Design/methodology/approach – The paper adopts an extensive and critical review of the literature, with regard to the adoption, uptake and impact of internet retailing, as published in the academic literature over the past 20 years.
Findings – In hindsight, it can be seen that many of the original predictions, made at the dawn of the internet era, have not become a reality: retailers are not cannibalising their own custom, virtual merchants are not dominating the market-place, and the high street has not, as yet, been put out of business. By contrast, other predications have come to pass: electronic intermediaries are playing an increasingly important role, “one-to-one” marketing has become a reality, prices are more competitive, and perhaps most importantly the consumer has become more powerful.

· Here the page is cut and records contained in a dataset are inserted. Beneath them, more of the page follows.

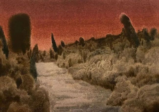 从色彩美学的角度来看,他的画面极少出现高纯度的原色,而是通过复杂的罩染与叠加,呈现出一种高级的、富有时间沉淀感的中间色调。这种“淡而不薄”的色彩处理,既保留了水彩媒介特有的通透感,又赋予了画面一种油画的厚重质地。在那一片片看似平淡的灰色之下,实则暗藏着丰富的色相变化:冷色中有暖意的渗透,暗部里有光感的流动。这种微妙的色彩关系,使得他的山水虽然朦胧,却不显单薄;虽然淡雅,却不失层次。它不仅仅是对自然光影的模拟,更是对一种内心情绪的视觉化呈现。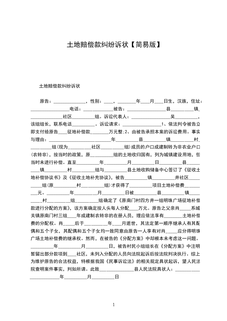 土地赔偿款纠纷诉状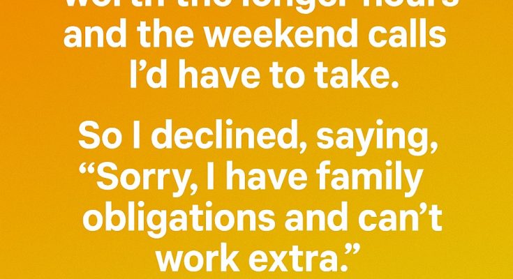 Yesterday I got promoted at work. The extra pay wasn’t worth the longer hours and the weekend calls I’d have to take. So I declined, saying, “Sorry, I have family obligations and can’t work extra.” This morning, everybody froze when we all received an email that said: “True leadership lies in choosing balance over burnout.” Beneath that sentence, my name stood alone. The office fell silent, not from anger, but from surprise and quiet respect.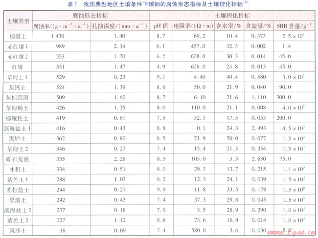 埋地鋼質(zhì)燃氣管道的腐蝕形態(tài)分為全面腐蝕、局部腐蝕兩類,全面腐蝕是指與土壤相接觸的管道表面均因腐蝕而受到損耗,以腐蝕率表示;局部腐蝕是指腐蝕的發(fā)生局限在結(jié)構(gòu)特定區(qū)域或部位上,以孔蝕深度進行評價。本文給出的我國典型地區(qū)土壤對碳鋼的腐蝕形態(tài)指標(biāo)及土壤理化指標(biāo),來自埋沒于國內(nèi)20個典型地區(qū)土壤的碳鋼試驗件1a的腐蝕數(shù)據(jù)及土壤理化性質(zhì),實測數(shù)據(jù)與實際情況接近。
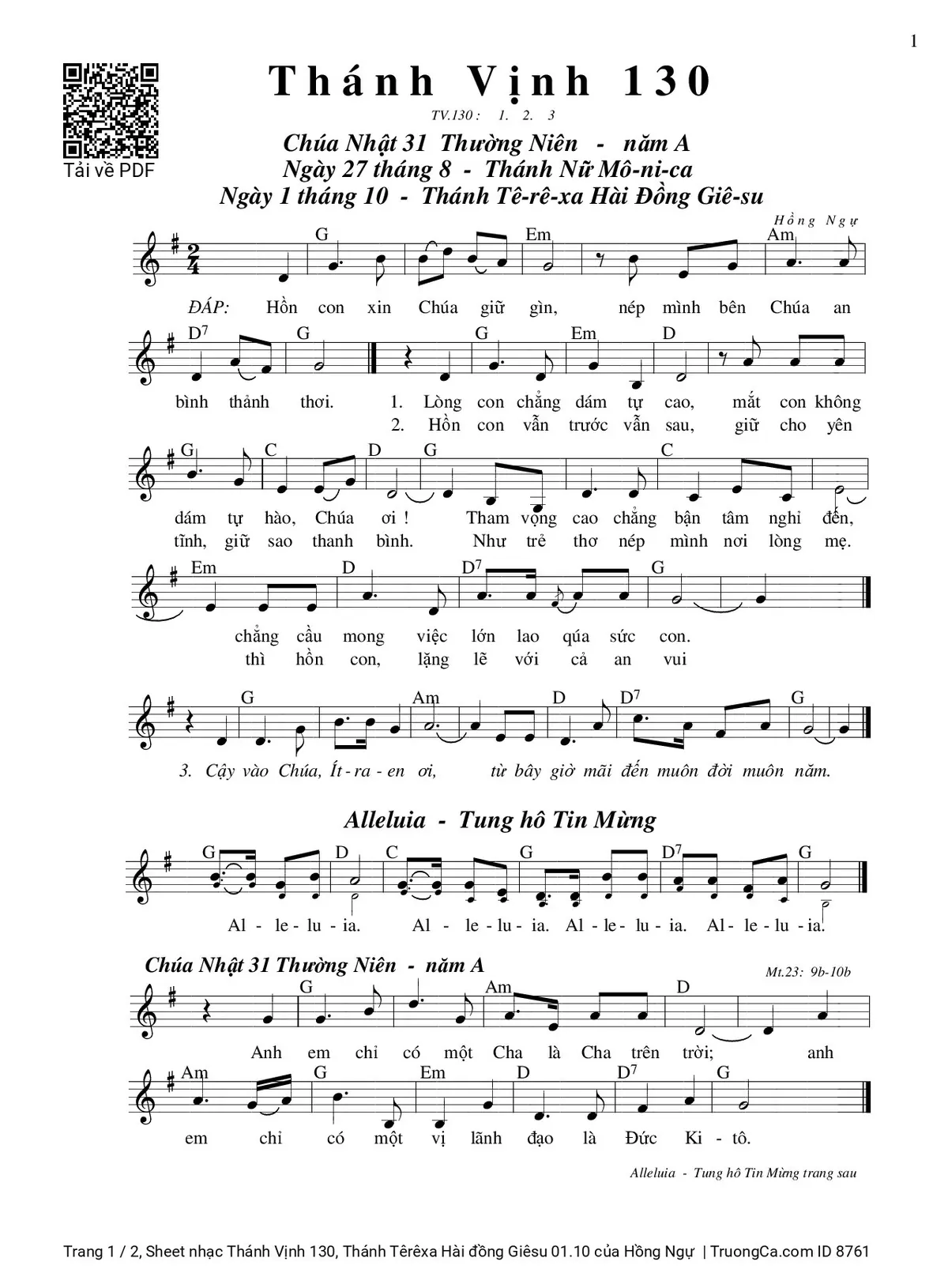 Các sheet PDF tương tự Thánh Vịnh 130, Thánh Têrêxa Hài đồng Giêsu 01.10: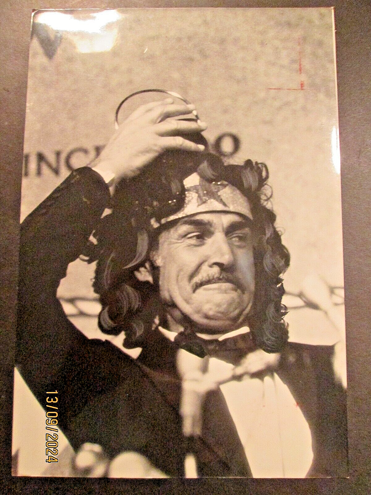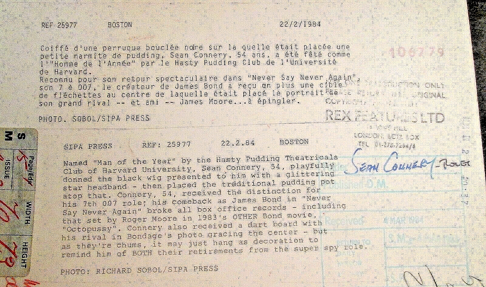 SEAN CONNERY: ( ORIG,ON THE SET CANDID VINTAGE RARE PHOTO) CLASSIC CONNERY (ORIG,CANDID CONNERY AT THE HASTY PUTTING AWARDS HAVING FUN) THIS STILL IS A BIT TALLER AND LARGER THAN 8X10 WITH INFO ON BACK OF PHOTO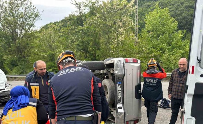 Zonguldak’ın Karaman beldesinde iki aracın çarpıştığı trafik kazasında araçlardan biri devrildi. Kazada her iki sürücü de hafif şekilde yaralandı.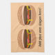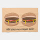 Añade un lema o nombre para crear un regalo personalizado con un tema de hamburguesa. La imagen muestra una hamburguesa de queso doble con queso fundido, anillos de tomate y jeringuillas.
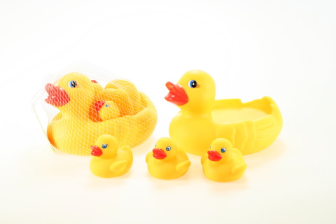 Hračka do vody – kačenky. Obsahuje jednu velkou a tři malé kačenky. Rozměr velké kačenky cca 17 x 10 cm.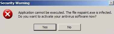 To pressure the user further, SysGuard prevents some programs from launching, then displays the following message alleging that the program is infected and asking the user to 'start your antivirus software':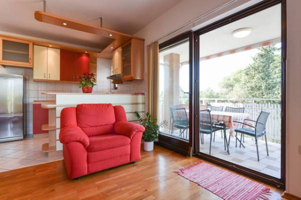 Ugljan Island is de ideale plek voor uw vakantie, of u nu op zoek bent naar familie accommodatie, entertainment of ontsnappen aan de hectiek van het stadsleven. Het eiland is verbonden met het vasteland door frequente veerboten. Modern appartement in het gehucht Muline met prachtige zonsondergangen en stranden maakt het de perfecte gelegenheid voor ontspanning. Het appartement bestaat uit een slaapkamer met een tweepersoonsbed, een woonkamer met een tweepersoonsbed, een volledig uitgeruste keuken, badkamer en een groot terras met meubilair. De prijs is inclusief toeristenbelasting, airconditioning, draadloos internet, overdekte parkeerplaats, gebruik maken van de wasmachine, droger en strijkijzer, barbecue en schommel die geschikt zijn voor kinderen. Het appartement is gelegen op slechts een steenworp afstand van winkels, pizzeria's, cafés en fast food, en het busstation. In de buurt zijn zand- en kiezelstranden (South Haven), en leg de mooiste zonsondergang op het eiland, en een aantal culturele en historische bezienswaardigheden.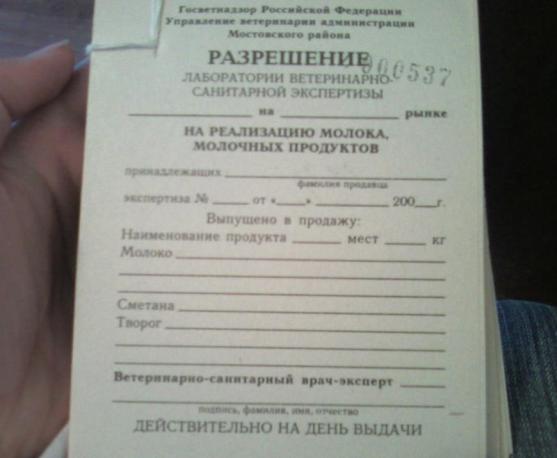 Рис.26. Разрешение на право реализации молока и молочных продуктов на территории рынка.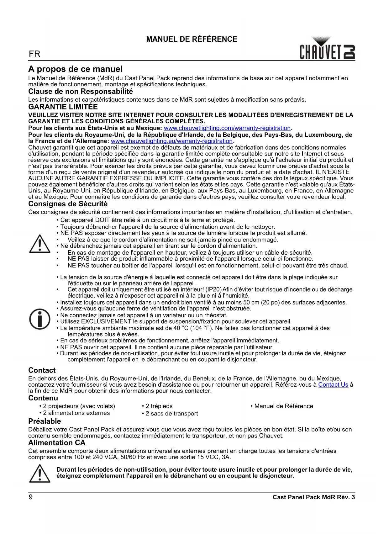 la fin de ce MdR pour obtenir des informations pour nous contacter. Contenu Préalable Déballez votre Cast Panel Pack et assurez-vous que vous avez reçu toutes les pièces en bon état. Si la boîte et/ou son contenu semble endommagés, contactez immédiatement le transporteur, et non pas Chauvet. Alimentation CA Cet ensemble comporte deux alimentations universelles externes prenant en charge toutes les tensions d'entrées comprises entre 100 et 240 VCA, 50/60 Hz et avec une sortie 15 VCC, 3A.
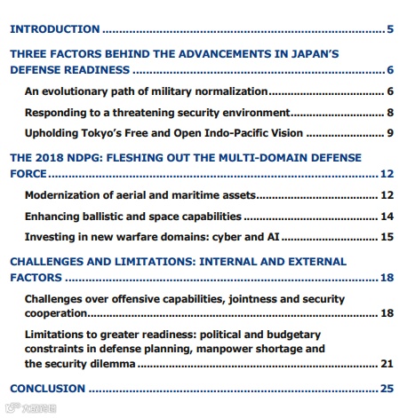5.结论:日本正以“进攻是最好的防御手段”的理念进行战备,专注预先防御与威慑;备战多域战;重点提高备战有效性与效率,关注战略配置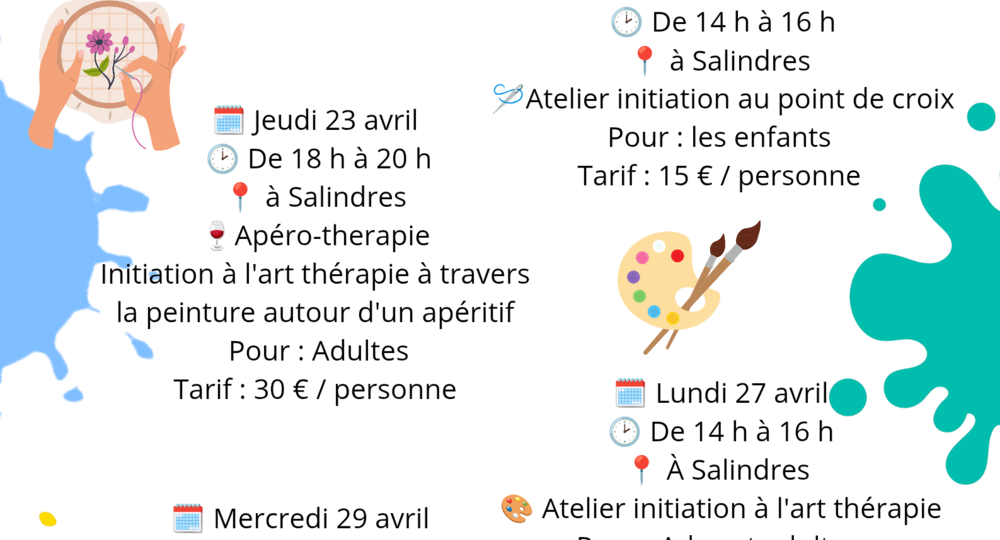 Vacances d’avril : offrez-vous une pause créative !Et si vous profitiez des vacances pour créer, vous détendre et partager un vrai moment pour vous ? Je vous accueille en petit groupe (5 personnes max) pour des ateliers accessibles à tous.

Research limitations/implications – Providing a brief review of the past, present and future of online retailing is an extremely ambitious undertaking, especially given the vast amount of literature that has been published in this area. In attempting to provide an overall impression of the broad themes, and most important findings, to emerge from this important body of literature, it is inevitable that many important pieces of work will have been either missed or underplayed. Consequently, there is a need for follow-up studies that aim to provide deeper and richer reviews of more narrowly defined elements of this vast landscape.
Originality/value – This study presents one of the first and most thorough reappraisals of the initial literature with regard to the likely development, implications, and impact of internet retailing. Moreover, the paper seeks to break new ground by attempting to use the current literature to help predict future directions and trends for online shopping.